About one hour out of Atlanta, the bus began to get really hot. I didn’t notice until the last minute. People suddenly started complaining and calling out “Bus driver, turn up the air”. He asked me what I was feeling and I let him know that the air definitely was not working. In looking at the controls, he discovered that the bus was quickly losing power. We were close to the next stop at a little town in Georgia, so he pulled off, told everyone to take a break and get dinner and come back for news about what was next.
As per routine, Bean and I took off walking. We walked around the parking lot, down the block and down the street. There was a great little Sonic like drive in restaurant. In contrast to Atlanta, this place was really clean. I find that many small towns do a very good job with keeping their towns clean. Bean and I chose to eat outside at the little picnic tables and just enjoy our Sunday afternoon. When we began walking again, we met a few of the other townspeople on the road and said hello. A clean and friendly small town.
Making it back to the bus stop, we found out that Greyhound had not made a decision what to do with the bus. Our driver took a poll and asked who wanted to stay and who wanted to continue on to Orlando, the last stop for the route. Everyone, even the very angry man who threatened to call the police because the bus was so hot and the driver didn’t stop and let him out, agreed to continue on to Orlando…and we almost made it.
The bus was so hot. In spite of that, I was going with the flow. I mean, who has never ridden in a car with no air conditioning. I feel when I travel, it is important for me to take conditions as they are because in the future I may be in a part of the world where this is normal. If I can’t deal with it in the United States where it is abnormal, how can I expect to deal with it when I am in say South America where buses with no air conditioning is normal. I know, most people don’t think like me, but I feel that in spite of the rough conditions, the passengers were very understanding
The driver started shaking his head and when I asked him how much power did the bus have, he would not tell me. He pulled off at the next exit and right there at a red light in Gainesville, the bus died. We did not even have enough power to get out of the street and into a parking lot so that the passengers could sit on the ground. Everyone still kept it together as he got on the phone with the company, out of the bus and tried to see if he could get us out of the street.

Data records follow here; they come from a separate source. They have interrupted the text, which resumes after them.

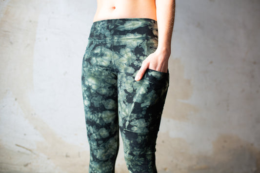 Yoga Leggings - Leggings mit Tasche - Batik, Tie-Dye - dunkelgrün-oliv
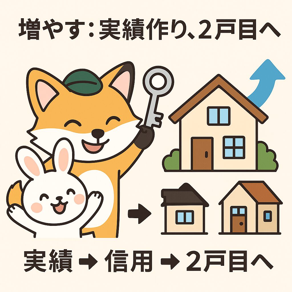 物件を運用し始めたら、次は「増やす」ステップばい。家賃収入を上手に管理して、次の物件購入を考えたり、税金や節税対策をしっかり学んだりして、収益をさらに伸ばしていこう!
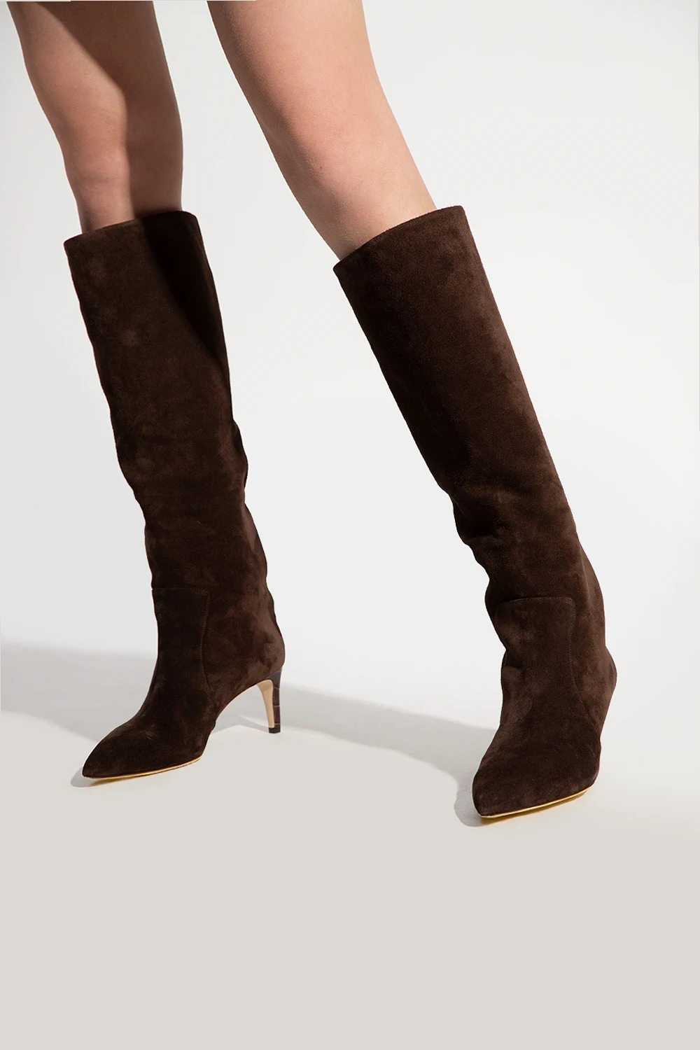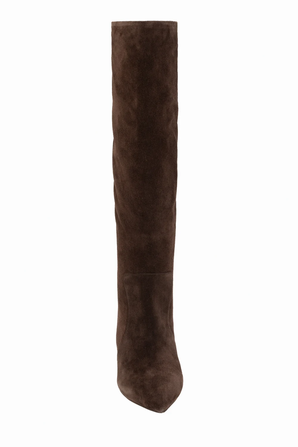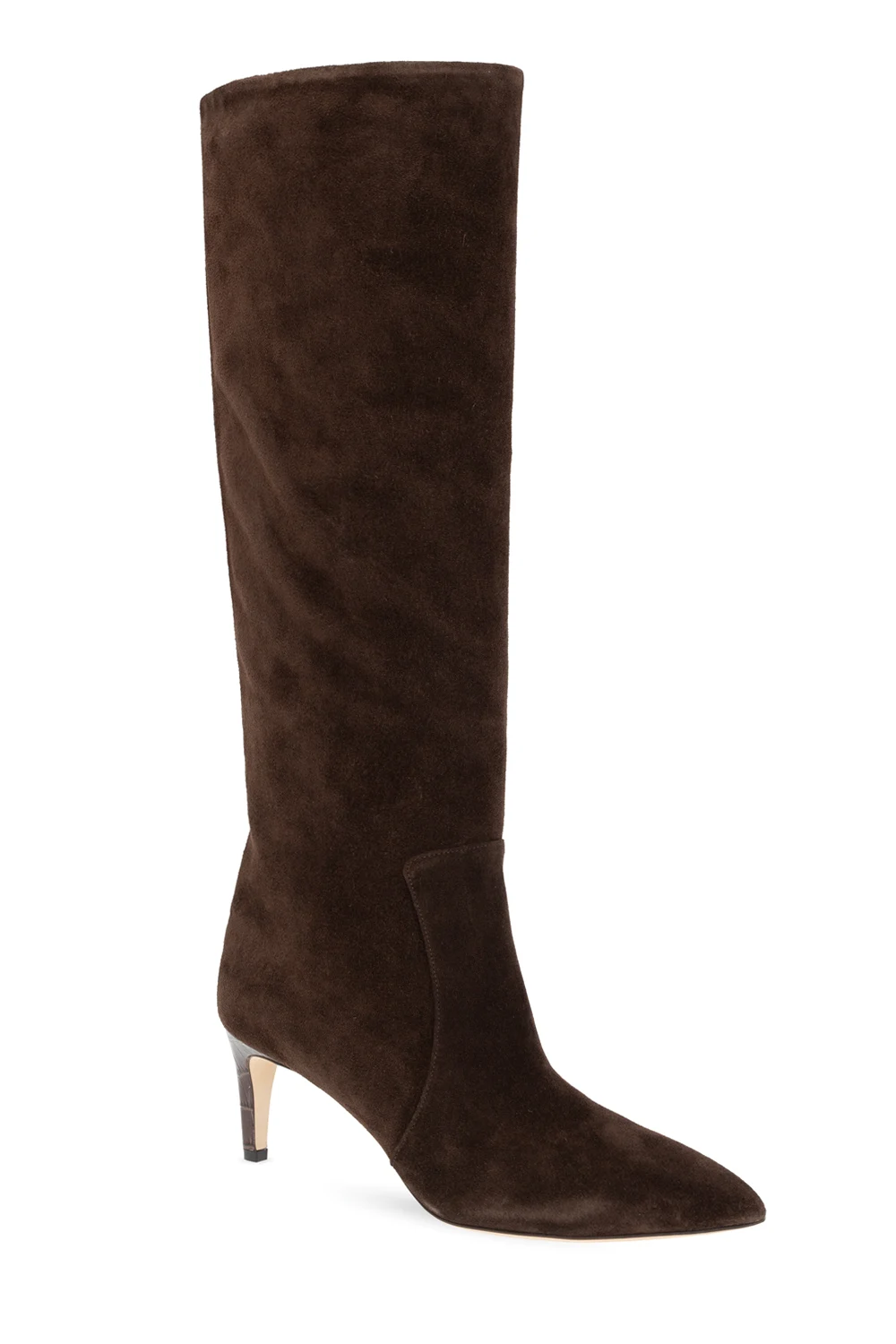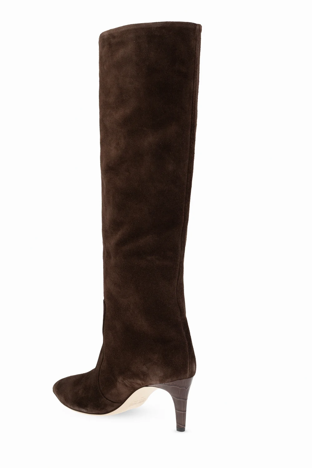 Ciemnobrązowe kozaki na obcasie, model 'Stiletto' Paris Texas. Wykonane z cielęcego zamszu. Nosek w szpic. Beżowa, skórzana podeszwa.

Try as he might, there was nothing he could do. Our driver had to call the police to escort all the passengers off of the bus and across the street to an Applebee’s. Being myself, I am looking for an adventure. Bean and I take off walking to see what we could see. There wasn’t much. It was after nine o’clock at night. We got word that another driver was finally going to be coming from Orlando, but that would take until after midnight. Bean handled the situation well. She found things to play with…sticks, rocks, and grass. She found another six-year-old to play with. They had a blast coloring together and playing tag.

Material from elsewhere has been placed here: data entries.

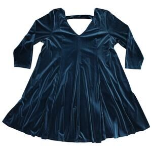 Torrid 3X Teal Velvet Dress V-Neck Cutout Back 3/4 Sleeve
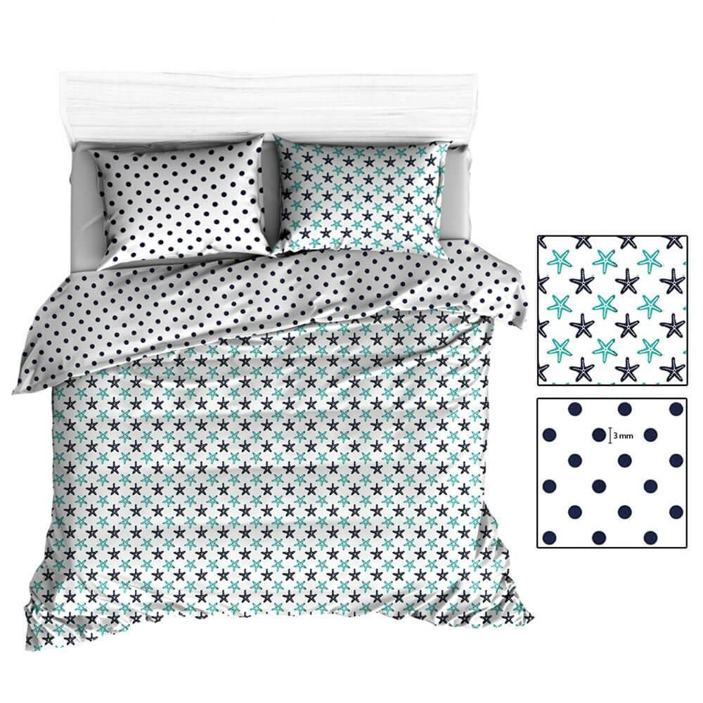 Pościel bawełniana 160×200 R136 biała rozgwiazdy groszki granatowe 38N 205N
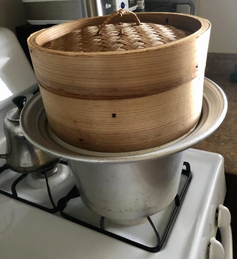 20년도 넘은 찜기용 물솥과 대나무 찜기를 꺼냈다.
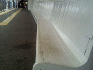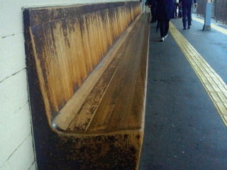 ホーム上に昔は木造のベンチが置かれていました。今は朝夕の混雑などで数は少なく、一人掛け用に肘掛が付いています。ロングシートではマナーの悪い人、酔っぱらいが寝てしまうためでしょうか。
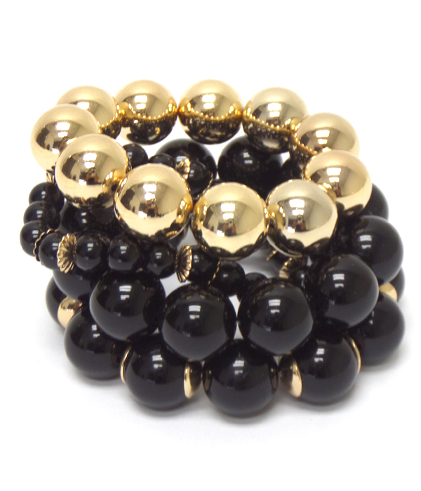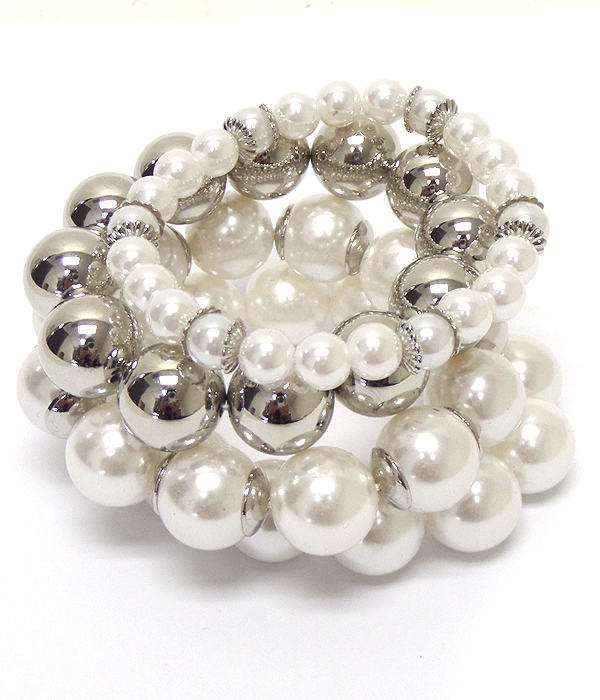 WHOLESALE PEARL AND METAL BALL LINK STRETCH BRACELET SET OF 4 411478
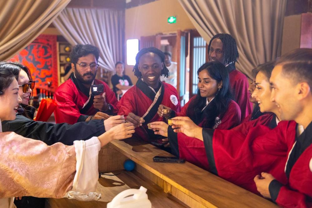 圖為國外昭君文化愛好者在昭君村品嘗傳統土法釀造的美酒。(興山縣委宣傳部供圖)

Many passengers began calling their family and friends to come and pick them up. I was beginning to wonder if I was doing the right thing by waiting out the situation to see what would happen next. It was close to one in the morning when the new bus finally showed up. There may have been 30 people left to go all the way to Orlando. Only myself and one other woman needed to go as far as Miami. She had to get to the Consulate for the Dominican Republic by eight o’clock that morning and she was anxious.
Thankfully, we were all able to rest, our driver and the remaining passengers. We got a short nap and then we were in Orlando for a transfer. Once the new bus showed up, the rest of the trip was smooth. We made all the connections without a hitch. The young woman made it to Ft. Lauderdale in time for her appointment at the consulate. Though we were very tired, we made it to Miami seven hours later than planned, in good health and great spirits. Another day, a new adventure.
Imagining this trip earlier this year, I had no idea that so many things would be happening in the United States. I was thinking of an old-fashioned road trip like the ones we used to take with our parents. As time passes on our journey, I find it a little disconcerting that many of the places we have remaining on our route have experienced unrest in the last few weeks. We are going to keep on traveling, seeing friends and family and believing that our time on the road will be safe and happy. Thank you for all the kind thoughts you send our way.